Was working on removing the side rods on this 302 and broke the head off the screw that holds it in place. This screw is so small that I don't think drilling it out is an option (I think the bit would need to be something like 5/64" or close to it). 








Looking for recommendations on what to do next. Should I replace the entire flanged wheel (it looks to be in decent condition). I haven't looked into how hard this would be to do but suspect I would need some sort of spreader to separate the wheels from the axle rod. I hate to buy a full axle unit but looking for advice.


----------



## flyernut (Oct 31, 2010)

It might be hard but try drilling out the screw.. If that doesn't work, or you don't want to, you can either buy the entire chassis with the wheels in place, you can buy just the black rim, or you can buy the entire wheel assembly, rim, white insulator, and steel "tire" readily available on ebay or at one of the stores that sell parts, such as Doug Peck at PortLines, or Jeff Kane at the Train Tender.. Both great guys!!... I don't have a wheel puller, so I use 2 screwdrivers, and slowly pry off the wheel.Just remember, you'll have to RE-QUARTER" the wheels!!! The loco will run without proper quartering, and without the linkage, but when you put the linkage on, it will bind, bend, and do lots of nasty things. The new wheel assembly must go in the same location as when the old one came off, that is pertaining to the screw hole.The correct position is 88 degrees opposite the other side, but close to 90 degrees will work just fine. Also be sure the wheel diameter is the same!!! A 302 is 1.16 wide...


----------



## flyernut (Oct 31, 2010)

Correct wheel quartering.


----------



## flyernut (Oct 31, 2010)

It appears that the broken screw is on the rear set of wheels.. be careful when removing the wheel assembly because you don't want to move the drive/smoke gear that's on the axle.


----------



## chrisallen21 (Sep 1, 2016)

I think I will likely end up buying the entire chassis unit and use what I have for spare parts. Maybe once I get a bit more experience under my belt I might try a single wheel replacement. Thanks for the great pictures though and words of advice.


----------



## flyernut (Oct 31, 2010)

chrisallen21 said:


> I think I will likely end up buying the entire chassis unit and use what I have for spare parts. Maybe once I get a bit more experience under my belt I might try a single wheel replacement. Thanks for the great pictures though and words of advice.

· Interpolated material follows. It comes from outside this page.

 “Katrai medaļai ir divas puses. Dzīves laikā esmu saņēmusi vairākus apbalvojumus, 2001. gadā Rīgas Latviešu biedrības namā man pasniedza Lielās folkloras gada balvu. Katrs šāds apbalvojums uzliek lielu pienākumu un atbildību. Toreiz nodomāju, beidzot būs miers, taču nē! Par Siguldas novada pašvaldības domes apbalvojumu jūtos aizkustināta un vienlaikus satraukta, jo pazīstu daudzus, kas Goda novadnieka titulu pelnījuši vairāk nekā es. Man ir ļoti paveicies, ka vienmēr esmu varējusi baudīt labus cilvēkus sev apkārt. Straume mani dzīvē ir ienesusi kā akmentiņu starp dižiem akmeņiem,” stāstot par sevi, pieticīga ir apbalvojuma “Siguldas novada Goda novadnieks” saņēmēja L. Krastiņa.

There's a few chassis on ebay right now, as well as a working smoke unit...


----------



## sjm9911 (Dec 20, 2012)

Im trying to remember tjs way to remove these. I'll try searching for it.


----------



## sjm9911 (Dec 20, 2012)

Posted a thread in o scale. Hopefully one one remembers. I think he glued something on it to remove it. I'm not sure though.


----------



## chrisallen21 (Sep 1, 2016)

I did try super glue (gorilla glue) with a small allen wrench but it didn't take very well and didn't hold. I may still try drilling out if I could find a small enough bit. Maybe that would be enough to glue the allen wrench inside to hopefully turn the broken screw out.


----------



## sjm9911 (Dec 20, 2012)

http://www.modeltrainforum.com/showthread.php?t=105225 ideas here , and still coming


----------



## chrisallen21 (Sep 1, 2016)

Thanks for the post to the other forum. I decided to give the idea of etching a slot within the screw a try. I used a small flat screwdriver that you use for small electronics and etched in a slot as best as possible. I then used a slightly larger flat screwdriver and bingo, it came out! 

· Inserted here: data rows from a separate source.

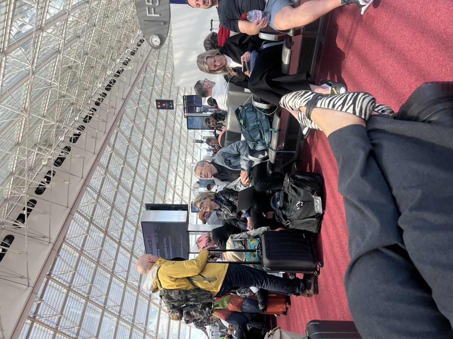 The image depicts a scene inside an airport terminal, likely in a waiting area. The location, based on the coordinates provided, is Charles de Gaulle Airport in Roissy-en-France, France. The scene shows a mix of travelers waiting, sitting on rows of seats with armrests and footrests. Several people are wearing backpacks, suggesting they are waiting for a flight. Some people are reading, others are looking at their phones, and some are conversing. One individual is laying their legs down on the seat, while others are sitting up with their arms crossed. Multiple suitcases are visible, and a person in a yellow jacket and a dark blue backpack stands next to a sign reading "France" with flight information. The ceiling is high and made of a complex metal framework with a grid pattern, allowing natural light to filter through. The floor is carpeted in red, which contributes to a sense of warmth and formality. The overall ambiance is one of calm anticipation, typical of a busy airport terminal.
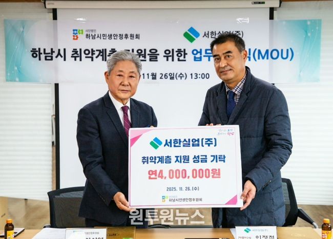 (원투원뉴스) 서한실업(주)와 하남시민생안정후원회는 11월26일 하남시 취약계층 지원을 위한 업무협약을 체결했다. 이번 협약을 통해 서한실업(주)는 연간 400만원 기탁하며 하남시의 이웃들을 위한 꾸준한 나눔 활동을 이어가기로 뜻을 모았다.
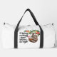 This white duffle bag features a whimsical cartoon of a sloth hanging from a branch, holding a drink in a coconut, surrounded by tropical flowers. The text reads, "If doing nothing is wrong i don't wanna be right." This humorous design is perfect for those who embrace a laid-back lifestyle. Edit color of the bag caps and body in the Design tool to your favored colors.

The picture of the slot before it came out really doesn't do it justice. Much appreciated as you just saved me buying new wheels/chassis:appl::appl::appl:








And yes, that is Volume One of the Thomas Barker books beneath the steamer chassis. Definitely worth the price and am learning lots as I go through it!


----------



## sjm9911 (Dec 20, 2012)

Cool man, glad it worked out. Hated to see you buy a whole new chassis good luck with it!


----------